Ernst and I were invited to Herr & Frau Thiel's home for afternoon coffee. Frau Theil's family owned the field where my father died until she sold it a few years ago. Mrs. Thiel's father, a German officer in WW II, was killed in Romania in 1944. Today she showed us his photograph and told us that when she visits the cross on my father's field, she also does it for her father.
She has never been able to travel to Romania to see her father's grave so we share this one. This is an amazing spirit of the German people I know in this area. They are incomparable.
As I left the field late this afternoon, I glanced back at the day's work. Tiny flags were flying hopefully in a light breeze - a field of tulips. Surrounding the field now is ominous yellow and black tape posted with warning signs Betreten der Baustelle verboten! Eltern haften fur ihre Kinder! I think it is to dissuade unsupervised visitors. The team leader tells me they sometimes hire guards for the sites to avoid interference by relic hunters. Although that is not necessary in this case, it is a grave site and the preliminary work is tedious and important to the final success of the excavation.
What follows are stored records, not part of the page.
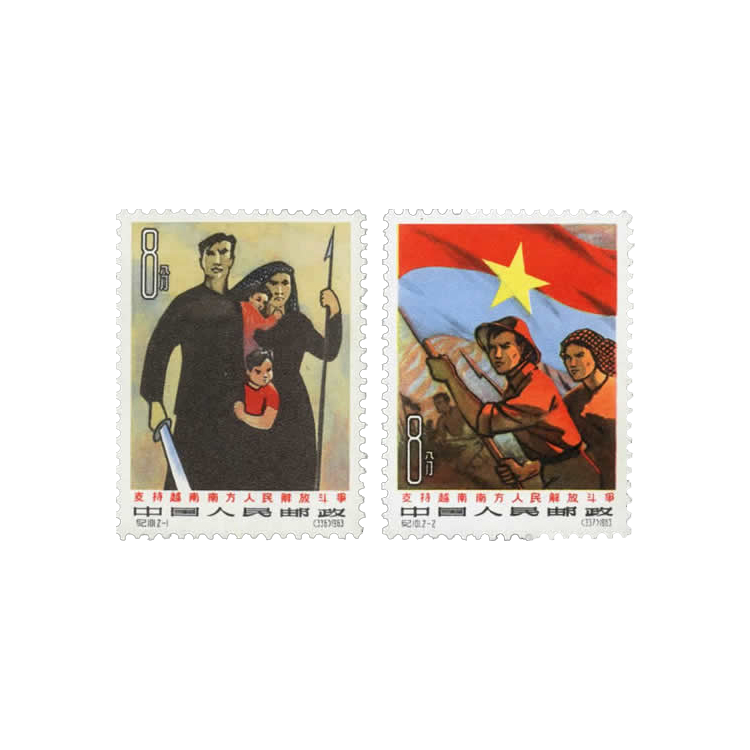 1963年12月20日邮电部为了表达中国人民对越南人民爱国正义战争全力支持的激情发行了这套邮票,全套2枚。
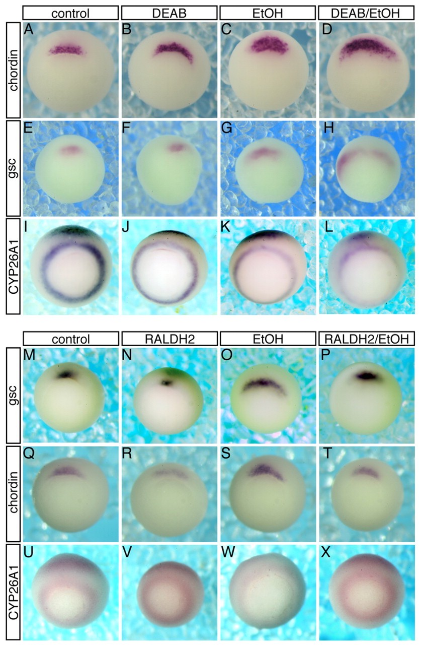 Fig. 5. Manipulation of RALDH modulates the effect of EtOH on gene expression domains during gastrulation. Sensitization to EtOH exposure by RALDH knockdown was shown by using DEAB to enhance the sensitivity to EtOH. Embryos were analyzed by in situ hybridization during early/mid gastrula stages (st. 10.5). Embryos were hybridized with the chordin (AâD,QâT), gsc (EâH,MâP) and Cyp26A1 (IâL,UâX) probes. (A,E,I) Control embryos. (B,F,J) DEAB-treated (20 μM) embryos. (C,G,K) Embryos exposed to EtOH (1.5%). (D,H,L) Combined treatment with DEAB and EtOH shows enhanced sensitivity to the EtOH exposure. Rescue of the EtOH effect was achieved by Raldh2 overexpression. (M,Q,U) Control embryos. (N,R,V) Embryos injected with Raldh2 mRNA. (O,S,W) EtOH-treated (1.5%) embryos. (P,T,X) Raldh2 overexpression rescues the EtOH-induced effects.
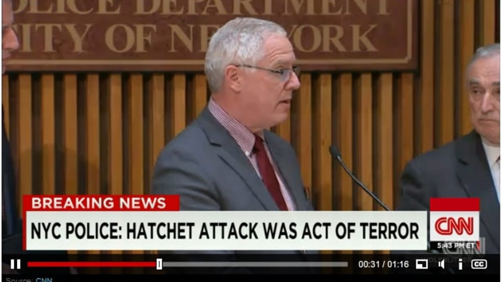 A broad-daylight hatchet assault on a group of New York police officers -- leaving one critically injured with a head wound -- was carried out by a self-radicalized convert to Islam in what officials Friday termed a terrorist attack.
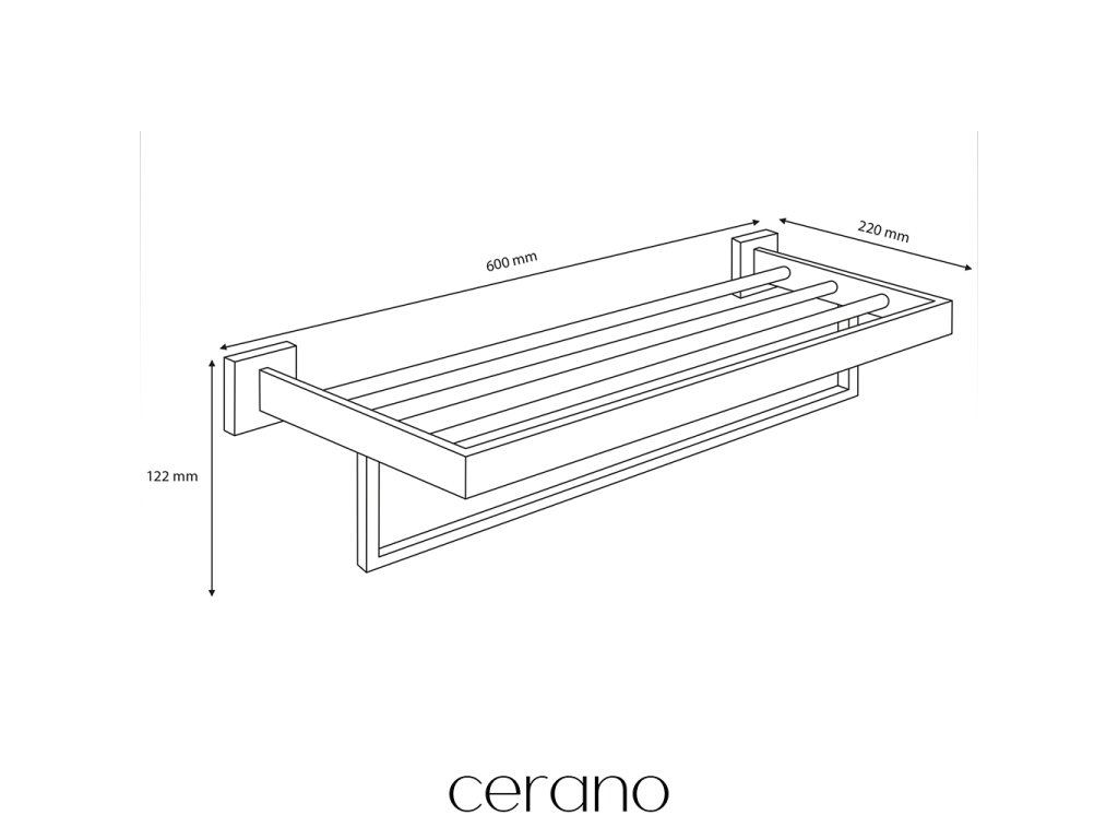 Horní strana slouží k umístění ručníků, ale praktické "šprušle" navíc nabízejí zavěšení ručníků pro potřebu sušení. Tato police je pevně upevněna ke stěně pomocí dvou malých montážních vrutů s hmoždinkami. Tento způsob montáže zajišťuje vyšší pevnost a nosnost celé police. Montážní sada je součástí balení.
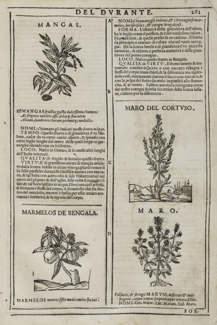 [Botanica]. Copia di studio dell'Herbario novo ... Con figure, che rappresentano le vive piante, che nascono in tutta Europa & nell'Indie orientali, & occidentali. Con versi latini, che comprendono le facoltà de i semplici medicamenti. Con discorsi, che dimostrano i nomi, le spetie, la forma, il loco, il tempo, le qualità, & le virtù mirabili dell'herbe di Castore Durante nell'edizione di Hertz del 1667, entro legatura in pergamena. Il volume con grande vignetta incisa al frontespizio stampato in rosso e nero contiene numerosissime figure di piante, ma con carte iniziali staccate e blocco del testo quasi staccato. Le piante, raffigurate con piccole ma ben definite xilografie, sono disposte in ordine alfabetico in base al loro nome italiano. Nel lotto anche l'Historia naturale di C. Plinio Secondo. Nuovamente tradotta di latino in vulgare toscano per Antonio Brucioli nell'edizione di Alessandro Brucioli e fratelli del 1548, mancante del frontespizio.
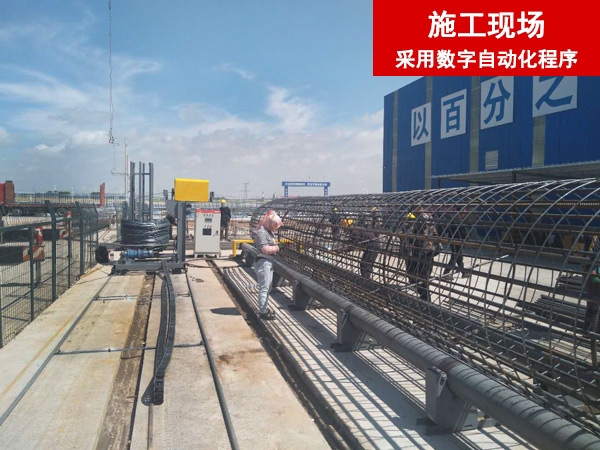 2、鋼筋籠12米以上,或者單節鋼筋籠較重時,骨架中間加焊1、2圈纏繞筋替代第三個過渡箍。或直接中間開始繞筋,另半截籠前面向中間纏繞連接完成。所以三個過渡箍的中間一個箍應置放在中間靠后面的地方,借以減少沖擊振動。退出輥輪并過渡到后面輥輪的方法--將過渡箍向后面推壓,讓過渡箍順膠輥旋轉到上面直到全部退出。準備臺架;若采用骨架直接滾進輥輪內檔(小型鋼筋籠),骨架制作臺架高度與設備同高。
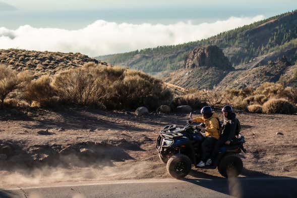Además, durante el tour en quad veremos Arona y conoceremos Vilaflor antes de llegar al Teide, el pico más alto de España. ¡Alcanzaremos los 2400 metros de altura!
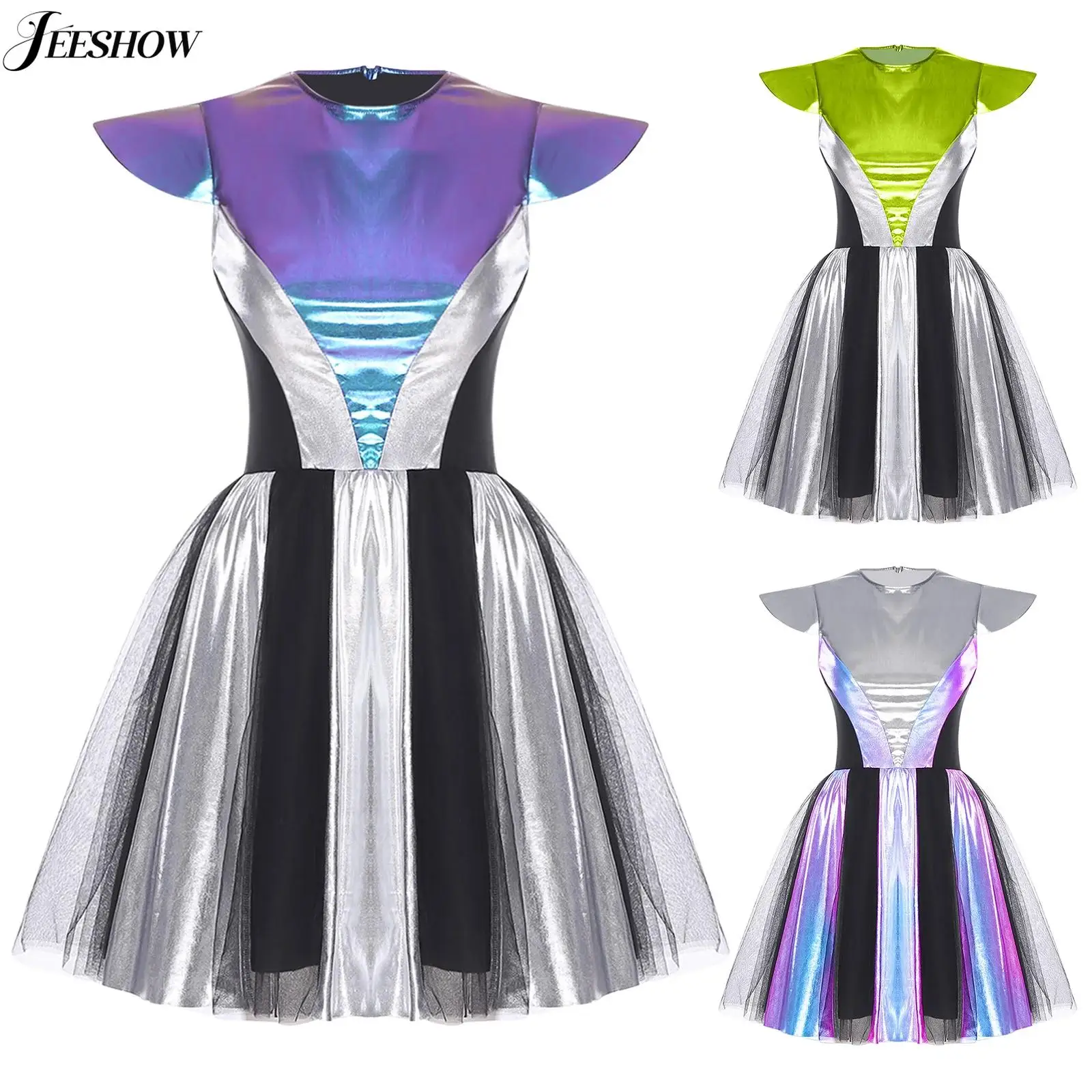 Ženy barva blok cizinec cosplais šaty galaxy cestovnà­ kostým lesklý metalické krátký rukáv nabíranou a-line šaty pro bázeň večírek
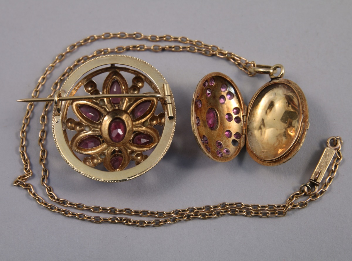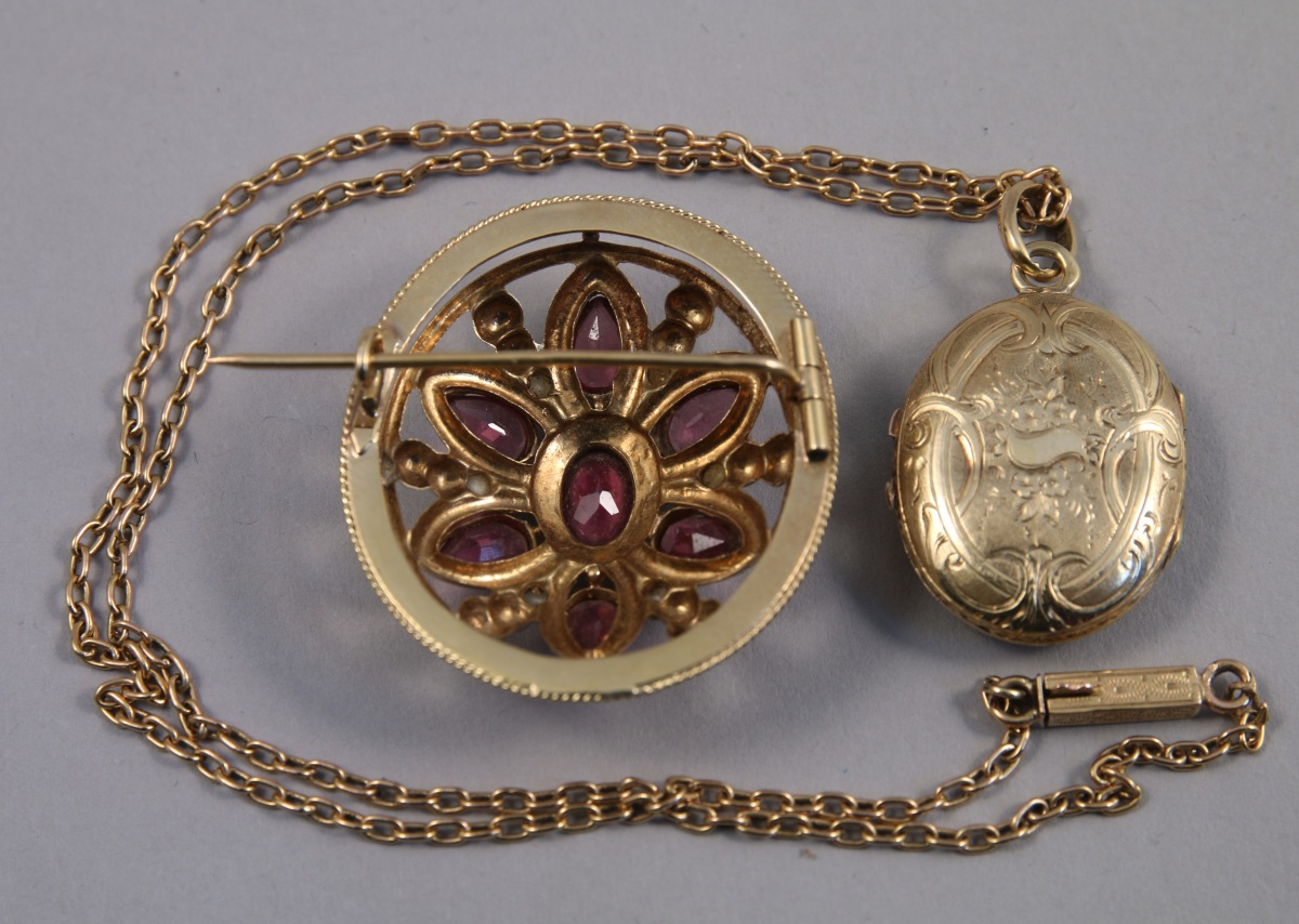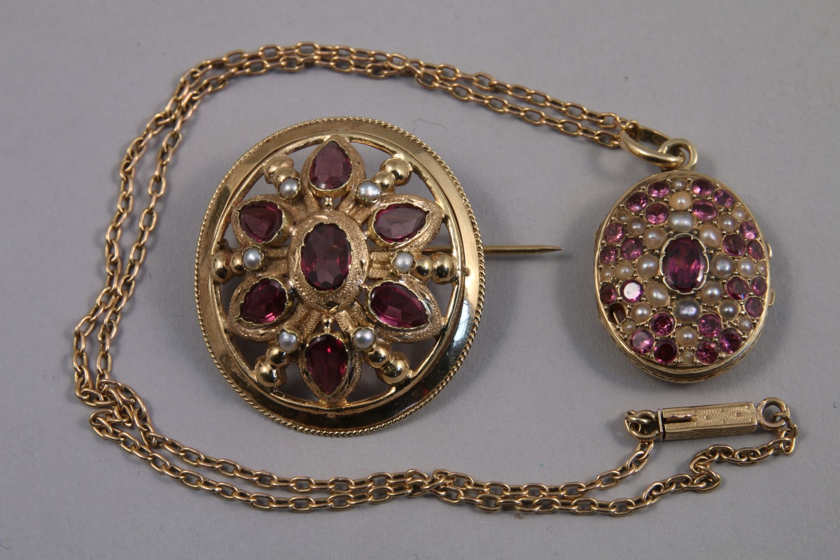JOINT : MÉDAILLON RELIQUAIRE en or jaune de forme ovale orné de perles et pierres orsée, retenu par une chaîne en or. Haut. 25 mm. Poids brut 12,1 g.
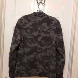 EUC G.I.L.I Black & Gray Camo Print Ponte Knit Blazer Lined Size 10
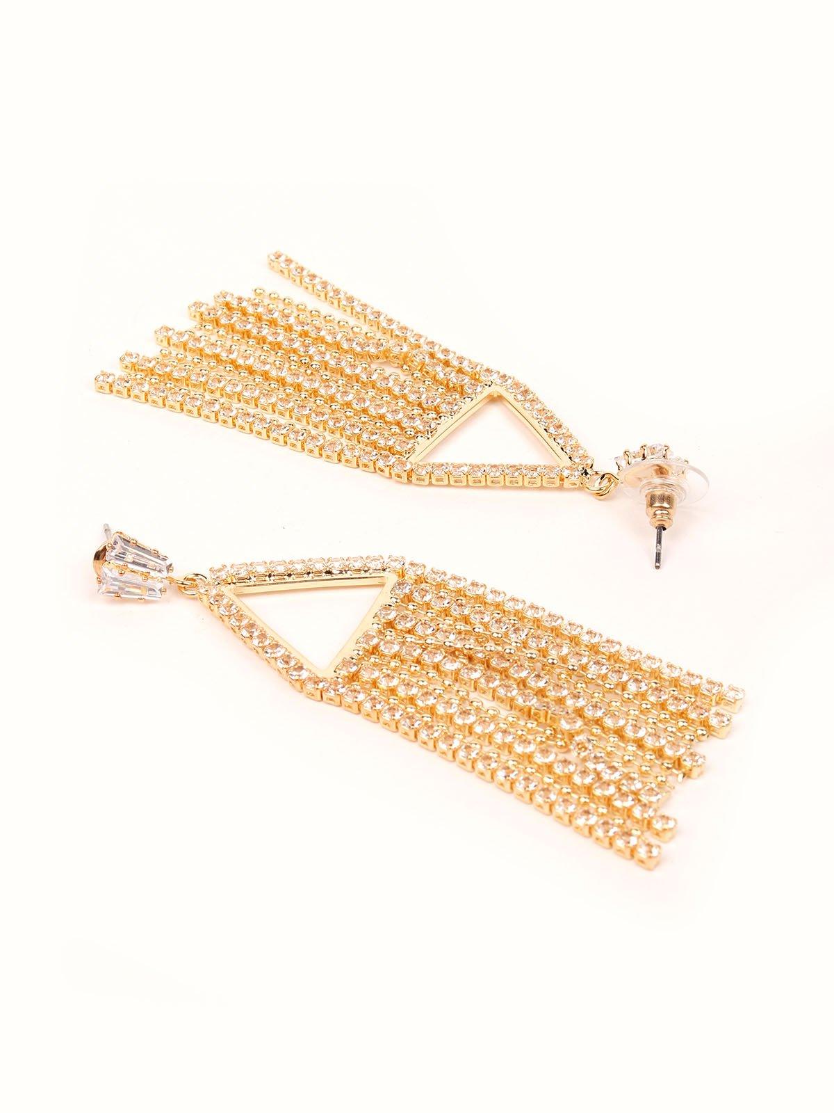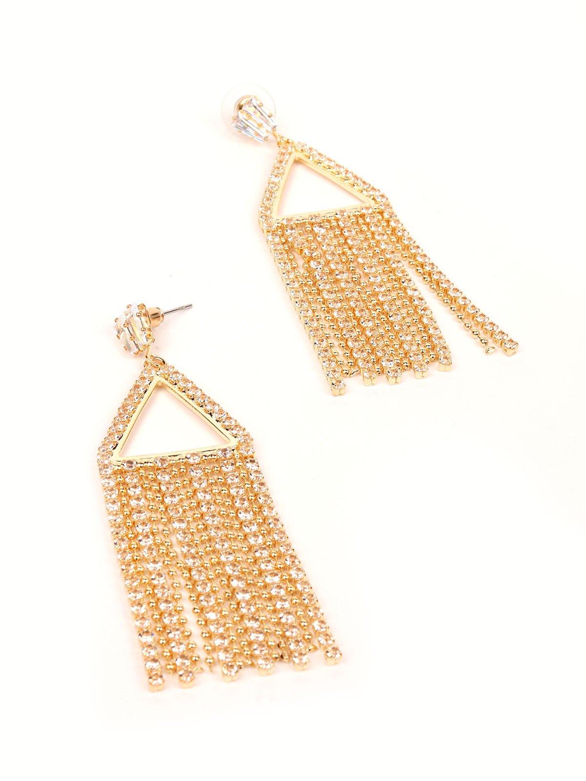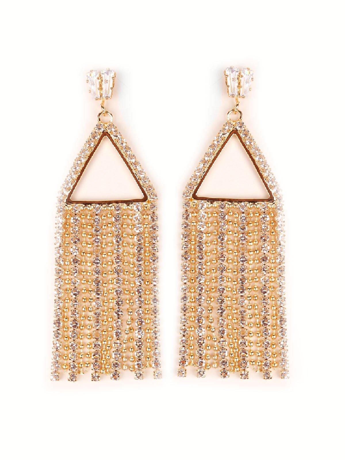 - Odette presents these stunning triangle-shaped crystal drop tassel earrings.

So it begins. There is talk of sifting and sorting and evaluation. Some plane parts have already emerged along with a few bomb fragments and a tractor spring. Most of the stuff beign sifted indicates whether it is worth digging under that flag. Tomorrow work begins at 8 am. Permission has been granted to begin digging which was a separate permission from marking the field. The team expects this to take all of the alloted 20 days to complete the work. Whatever happens, I will be there. It is a time of attending to my father in the only way I can. He would have done it for me.
(When I figure out how to post photos the German way, they will appear.)